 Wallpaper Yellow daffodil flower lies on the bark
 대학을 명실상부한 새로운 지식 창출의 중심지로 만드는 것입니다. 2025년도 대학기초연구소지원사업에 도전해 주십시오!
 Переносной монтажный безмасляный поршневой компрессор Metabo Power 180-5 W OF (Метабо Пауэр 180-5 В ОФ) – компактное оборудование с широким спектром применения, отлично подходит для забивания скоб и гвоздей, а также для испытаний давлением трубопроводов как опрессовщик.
...
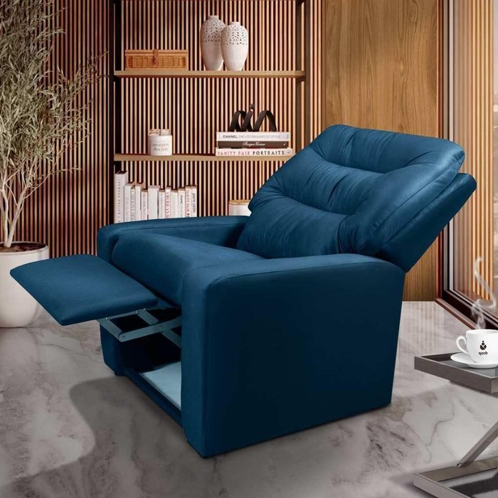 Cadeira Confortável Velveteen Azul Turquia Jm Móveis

## Your goal
Output, from the data above, the lines from the line with "Wallpaper Yellow daffodil" to the line with "Переносной монтажный безмасляный" exactly as they stand, both ends included and nothing else.

## Answer space
 Wallpaper Yellow daffodil flower lies on the bark
 대학을 명실상부한 새로운 지식 창출의 중심지로 만드는 것입니다. 2025년도 대학기초연구소지원사업에 도전해 주십시오!
 Переносной монтажный безмасляный поршневой компрессор Metabo Power 180-5 W OF (Метабо Пауэр 180-5 В ОФ) – компактное оборудование с широким спектром применения, отлично подходит для забивания скоб и гвоздей, а также для испытаний давлением трубопроводов как опрессовщик.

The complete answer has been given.